There is something ancient and alien about horseshoe crabs.
For the Japanese they are reborn samurai warriors who sacrificed their lives in battle.
He finds himself surrounded by these sad messages in bottles, which he tries to read and interpret. Like photographs, they speak first of death and only after that, of what they once were.
He remembers the comical image of encountering his father underwater, who, being shortsighted, always wore glasses. His father had attached an old pair of thick rimmed spectacles to the inside of his snorkeling mask with a suction cup, giving him the appearance of an underwater professor.
IV
He wonders about the function of dreams.
Does a fish or an octopus dream?
Memory and dreams are closely related. Can an octopus remember?
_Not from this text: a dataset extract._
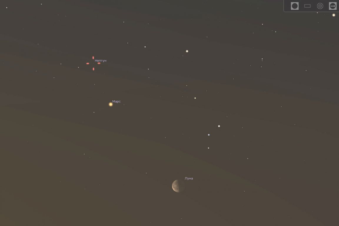Спутник Земли с Марсом будут видны невооруженным взглядом, а вот Нептун не увидеть без телескопа или бинокля.

He turns the page and reads:
‘We do not remember, we rewrite memory much as history is rewritten.’
In the summer he loved most of all to swim in the sea – snorkeling at low tide, down by the reef at the edge of the bay. Sun on his back, shallow warm water supporting his body, the sound of his own breathing.
Once he got his legs caught up in the metres long kelp which grew like a forest beyond the edge of the reef. The waves crashed onto the sharp reef edge; he thought he would drown. Like tentacles the strands of kelp wrapped around his feet and pulled ever tighter.
V
For some reason this specimen reminds him of unicorns. The horn of a unicorn was worth more than gold. But such a horn was in fact the tusk of a narwhal, the unicorn of the sea. In powdered form the tusk was prized as an antidote for poison and indeed for melancholy.
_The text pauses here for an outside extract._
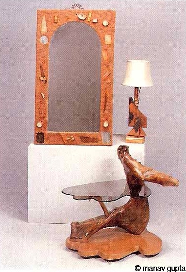 Born in 1967, Gupta is a self-taught artist His solo shows at the Birla Academy of Art and Culture at Calcutta in l996andattheTajBengalin Calcutta in 1997were highly acclaimed. The Calcutta painter who has now moved to Delhi confesses to a deep-rooted attachment towards nature. The furniture he sculpts “are recycled roots”, reminding one of swans, octopuses and antelopes. The exotic blend of flora and fauna ai-e drawn from his early years at the National Library campus.

In his childhood memories everything stays the same. But as a grown man, he returned after many years only to find the same reef from his childhood stripped bare and barren. Haunted and deserted like a graveyard. Sadly, he remembers the story of a Russian guide during the Second World War, who would give tours through the empty galleries of the Hermitage in St. Petersburg, offering complete descriptions of paintings which were no longer there.
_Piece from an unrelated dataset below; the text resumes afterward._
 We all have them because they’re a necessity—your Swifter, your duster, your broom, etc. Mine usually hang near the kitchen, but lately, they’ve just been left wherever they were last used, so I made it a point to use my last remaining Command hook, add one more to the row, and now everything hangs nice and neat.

He reads again from the notebook. To his great surprise it is here that he finds immortality. Jellyfish have roamed the seas for at least 500 million years, but there is more than that. One species is thought to escape death. They are able to grow backwards to infancy, transforming themselves from medusa back to a polyp.
VI
Natural history came of age in the nineteenth century – the golden era of exploration and expedition; a time when maps lost all their blank spaces. Time and space expanded. And, together with all that forward-thinking swelled the insatiable desire to amass, to collect, to catalogue and collate; to measure and to circumscribe, to describe, to own, to conquer.
He reads:
‘Memories must make do with their delirium, with their drift.’
On the last page he finds a note written in haste:
It is time to abandon hope of a better past.
Long forgotten, a picture resurfaces. He remembers now the ferry crossing, sitting on deck in the wind and sun and looking out across the bay. Blowers they were called – white fountains of water shooting up across the calm waters of the bay – a regular occurence that no-one paid much attention too. Only now he realises, that this must have been whales, spouting as they came up for air.